Bank of America’s Vivek Arya told clients last month that he believes that Intel’s brand-new generation of chips, the ones called 18A, are ramping up slowly because so many have defects that require the company to discard them. That’s typical with new generations of chip technology, but Arya said Intel is moving too slowly to improve yields, making its manufacturing process too expensive and unpredictable.

“We appreciate the scarcity value of leading-edge manufacturing,” he said. But if Intel cannot deliver high yields on its 18A technology, Arya said that’s an ill omen for the next generation of 14A chips. That leaves him skeptical Intel can thrive as a contract manufacturer — a market where Intel “has no scale or history of execution.”

It’s true that Intel has no track record as a contract manufacturer, but its history as an innovator stretches back generations. Moore’s Law, the industry maxim that the ability to miniaturize and pack denser circuitry on computer chips would produce exponential growth in computing power while simultaneously driving down the cost to manufacture them, was coined by and named for Intel’s co-founder.

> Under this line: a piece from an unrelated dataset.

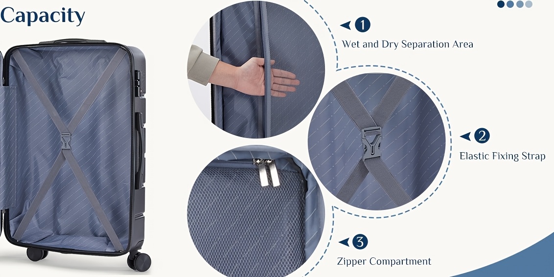 1/3 Piece Hardside Luggage With 20/24/28-Inch Sizes, Durable Hard Shell, 4 Doubl
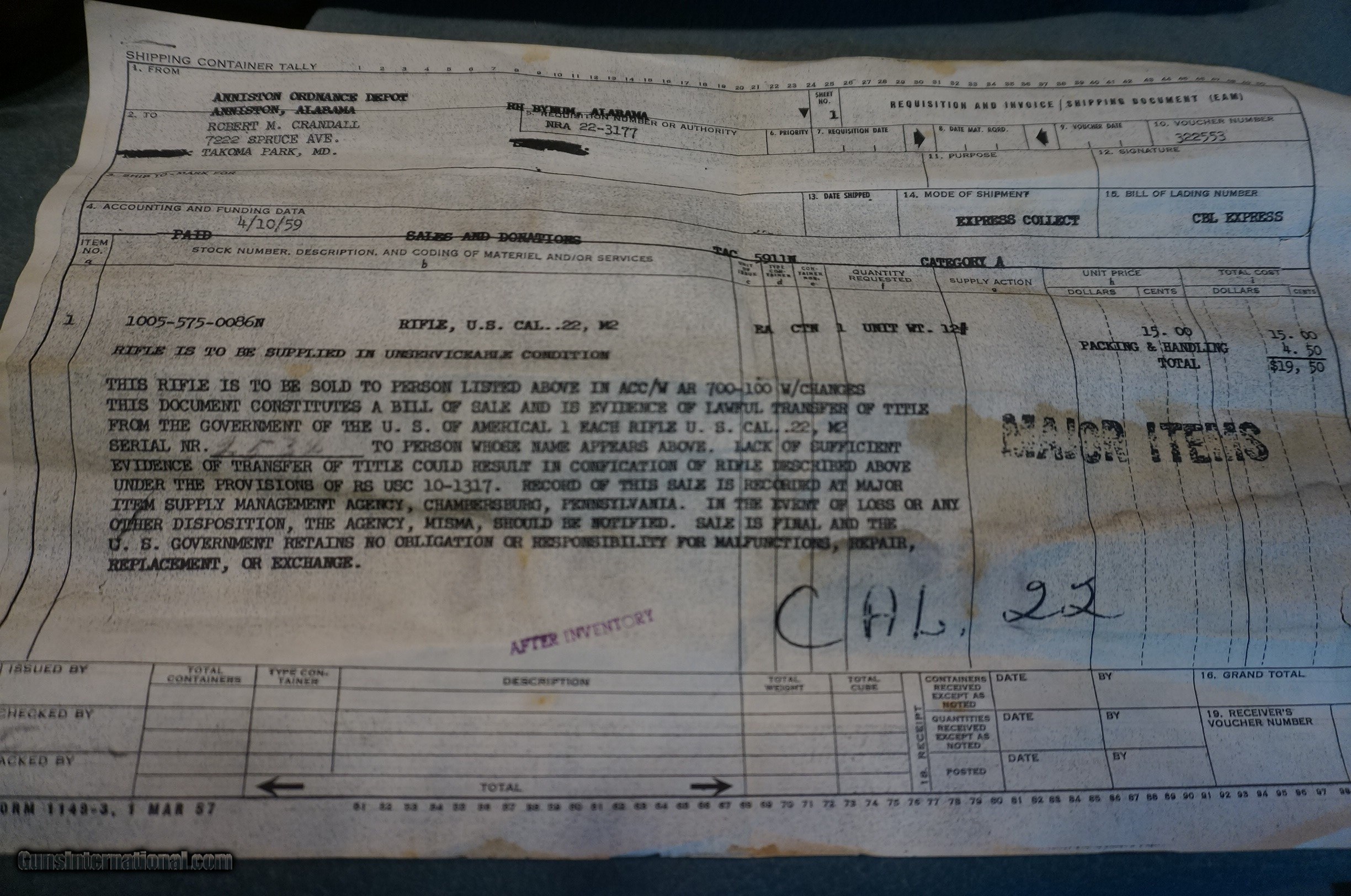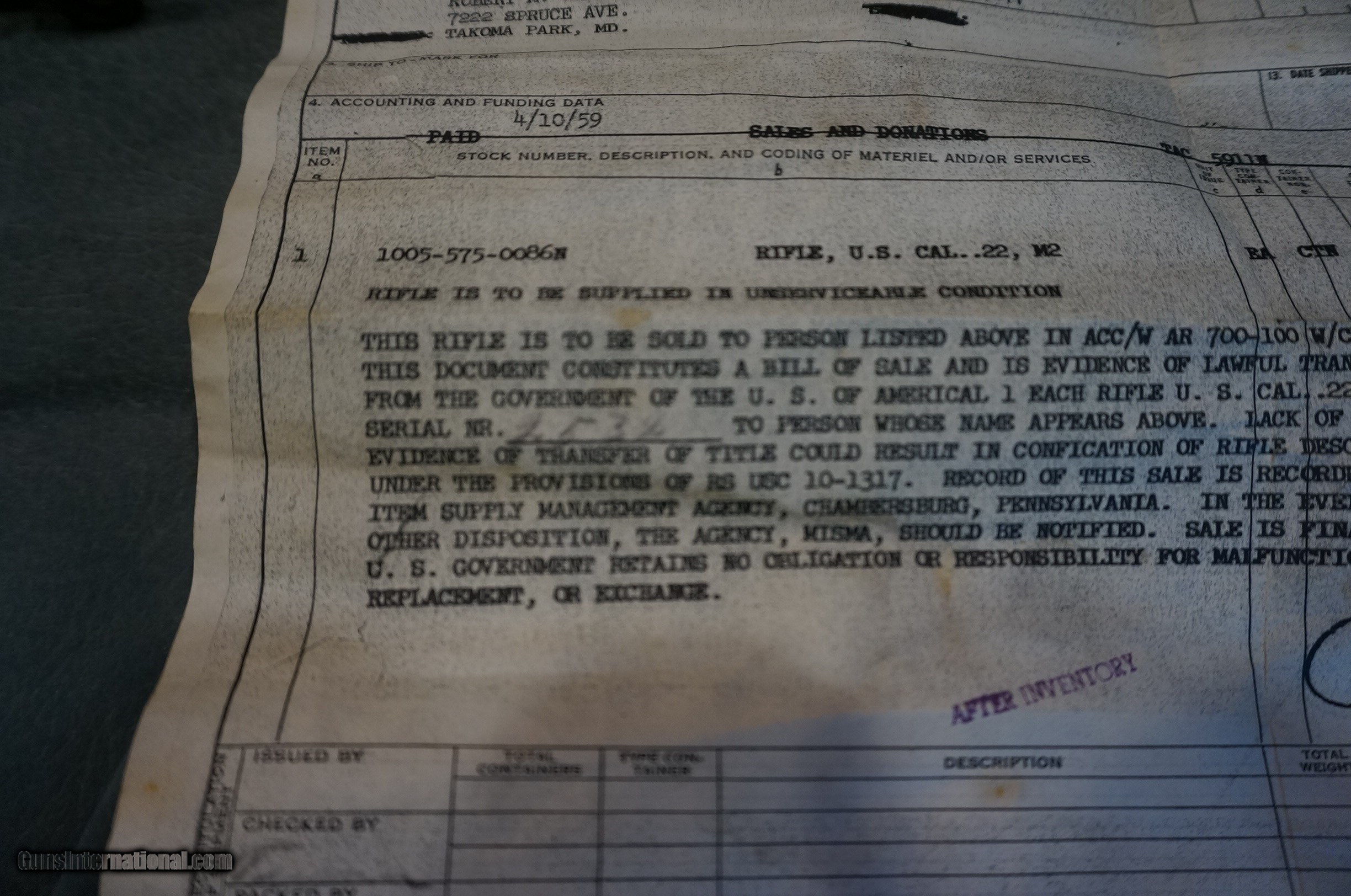 U.S.Springfield Armory 22 M2 22 Long Rifle with Armory receipt and box from 1959!

Jamel Tayeb spent 25 years at Intel as an engineer and chip architect before retiring and becoming a professor in Portland State’s engineering department last fall. Intel is again listening to its technologists, Tayeb said, and that’s why he believes it can overcome its technological struggles.

“Do I believe that Intel can do it?” he asked. “I would say that yes, I really deeply feel that they can pull it off.”

To succeed as a leading-edge manufacturer, Intel must demonstrate that it is both capable of making advanced chips and committed to continue doing so.

Even Intel employees expressed confusion last summer when the company appeared to be hedging on its commitment to leading-edge manufacturing. But Auth, the manufacturing vice president in Hillsboro, insists the company never slowed the pace of research.

“The commitment to 14A is unwavering,” Auth said. “We have key milestones that Lip-Bu wants us to hit, and we’ve been hitting those milestones.”

He likens Intel scientists to bakers. The engineers, technicians and researchers working in cleanroom bunny suits are making cakes that need millions of ingredients and thousands of steps.

“Those are the type of things that we do to, at the end of the day, make the best cake we can,” he said, “which is what our customers see.”

Intel has addressed its technological struggles, according to Auth, by focusing on a single cake rather than dabbling in many different ideas. He said Intel has a hard-earned understanding of how to focus on a single concept — manufacturing chips that clients want — and he said the company is convinced it can deliver.

External customers care most of all that chip designs arrive on a predictable schedule, Auth said, and he said a commitment to meeting those expectations is fueling a technological renaissance inside Intel.

“It’s paramount,” Auth said. “And so that has been something that we’ve really embraced.”